Brigitt had a comfortable childhood in successive military neighborhoods next to the Dachau, Sachsenhausen and Auschwitz camps. Then, of course, she had an adolescence of deprivation and hiding during the postwar period, but she soon became a beautiful and thin young woman, so she settled in Spain, where there were a few Nazi refugees, and became a haute couture model. from the Balenciaga house.

He once crossed paths with another German model, six years younger, Verushka, born Vera G. von Lehndorff. She had also known the fields in her early childhood, but from the inside, with her mother and her sisters.. They were not Jewish, but his father, a Prussian aristocrat opposed to the Nazis, participated in the failed plot to kill Hitler, for which he was sentenced to death, his property confiscated, and his entire family punished.

In the mid ’60s Brigitt married an American businessman with whom she traveled half the world and settled in the United States, renamed Bridget.. Then came two more husbands, children, grandchildren, and a 35-year job at the prestigious Saks Jandel haute couture house in Washington, closed in 2016.

The wives of the most eminent politicians dressed there, as did Liz Taylor, with models from Dior, Yves Laurent and other brands of similar renown. The owner’s name was Ernst Marx, a Berlin Jew. At some point she confessed to him where she came from. The answer was noble: the children are not to blame. And he kept her in the position, which was of hierarchy (her parents gave another kind of response in the interrogations: “I was only following orders”, “I didn’t know anything”).

Brigitt’s past was kept in the utmost discretion, until Thomas Harding, the English researcher who was writing a new book, appeared in 2013: “Hanns and Rudolf”, about his great-uncle Hanns Alexander, the rich Jew who escaped in time with his family, joined the British Army and there took on the mission of finding Rudolf Höss and sending him to trial.

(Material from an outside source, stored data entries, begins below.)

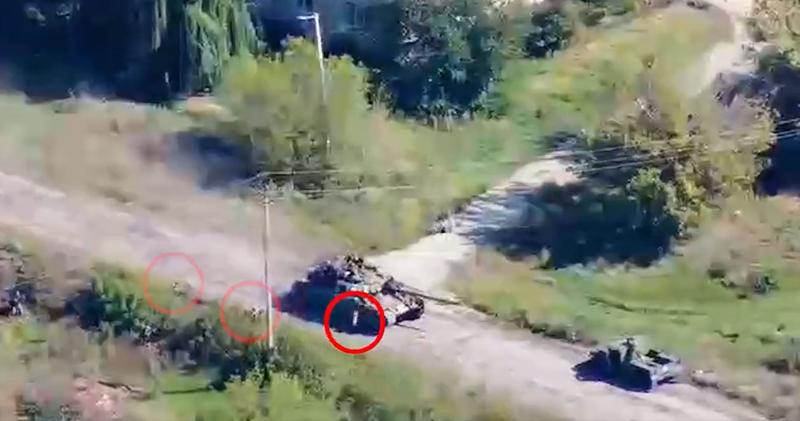 La un moment dat, pe filmare se vede că cei din tanc ar putea avea motive întemeiate de panică. Mai exact, trece chiar pe lângă un soldat ucrainean (potrivit celui care a postat clipul), iar acesta pare să aibă un lansator portabil.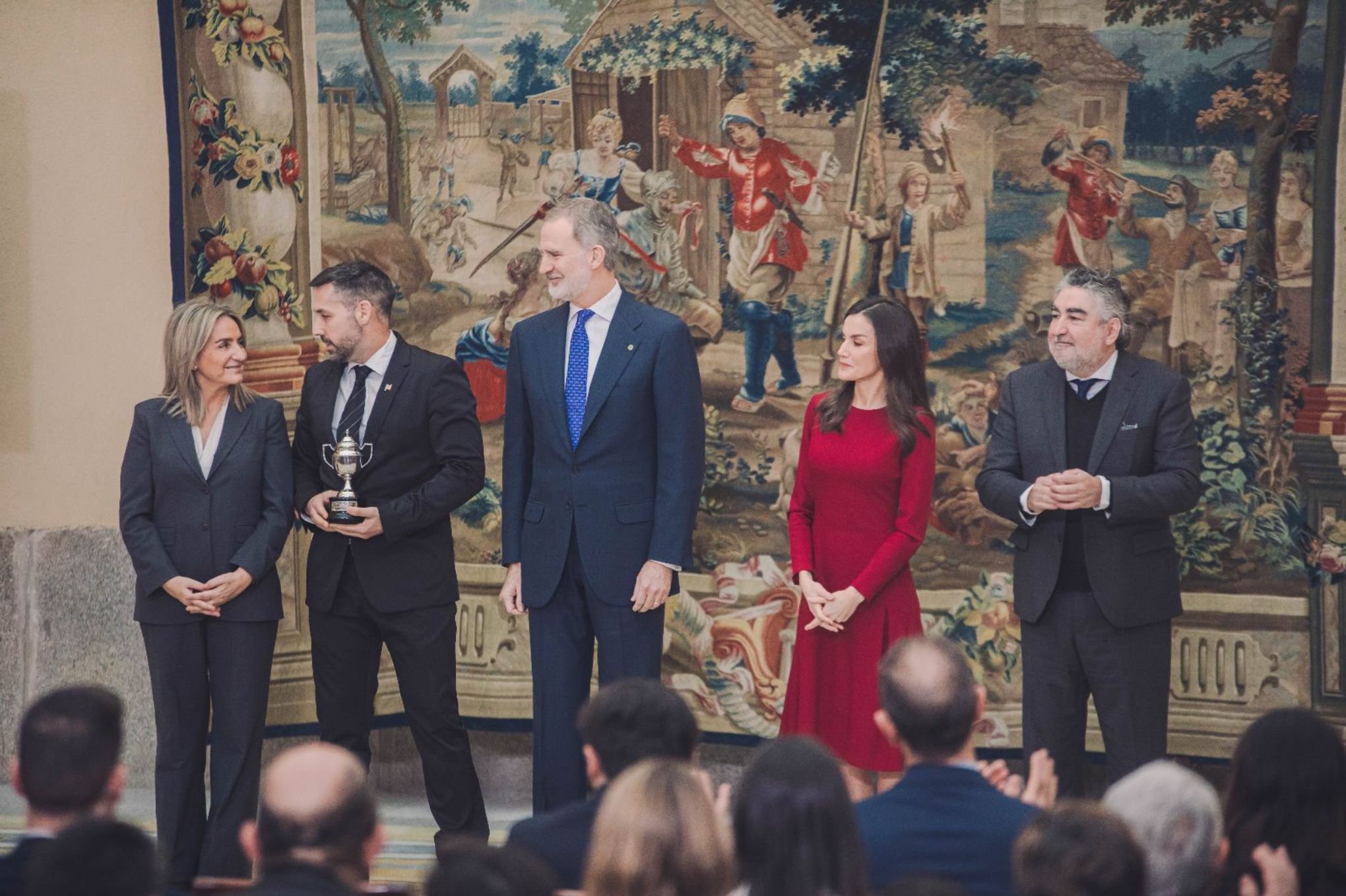 Sus Majestades los Reyes han presidido este miércoles en el Palacio de El Pardo (Madrid) la ceremonia de entrega de los Premios Nacionales del Deporte, con los que el Gobierno de España reconoce anualmente a través del Consejo Superior de Deportes (CSD) a las personas y entidades que más se han distinguido en la competición o en la promoción del deporte.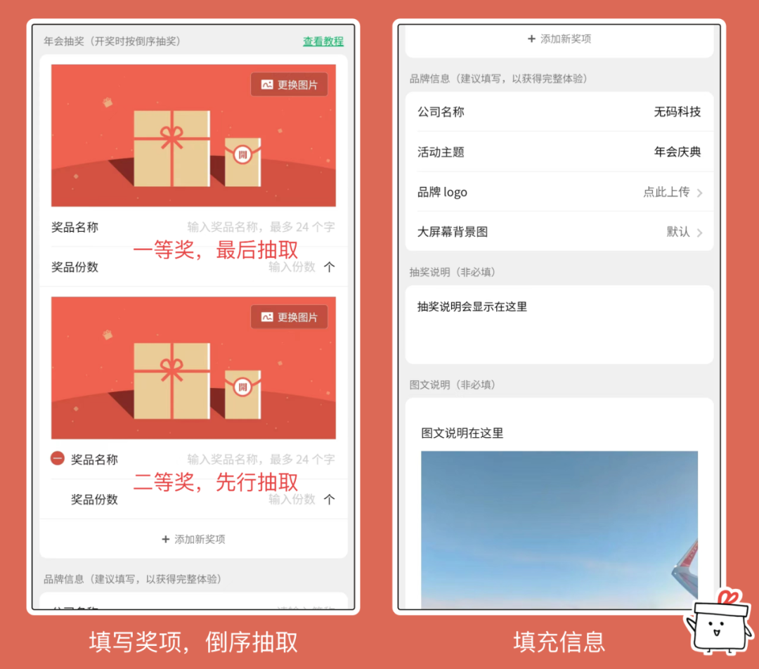 按从高至低的顺序,依次填入奖品图片、名称、份数。抽取时将倒序抽取,即从末等奖开始,最后抽取第一个填写的奖项。

For long years, Harding sought out Höss’s daughters, to have a balanced story with the painful story of those two very opposite Germans. Brigitt, now 80 years old, gave him that balance, and even agreed to appear in a BBC report. There he says frankly that he has no answer for his father’s dual personality. She feels hurt. And it is also felt that, when she was alone, many times she would have hummed in a low voice that melancholic song “Oh, Mein Papa” so popular in the ’50s (here it was sung by Elder Barber, “Oh, my dad, you were so good to me …”).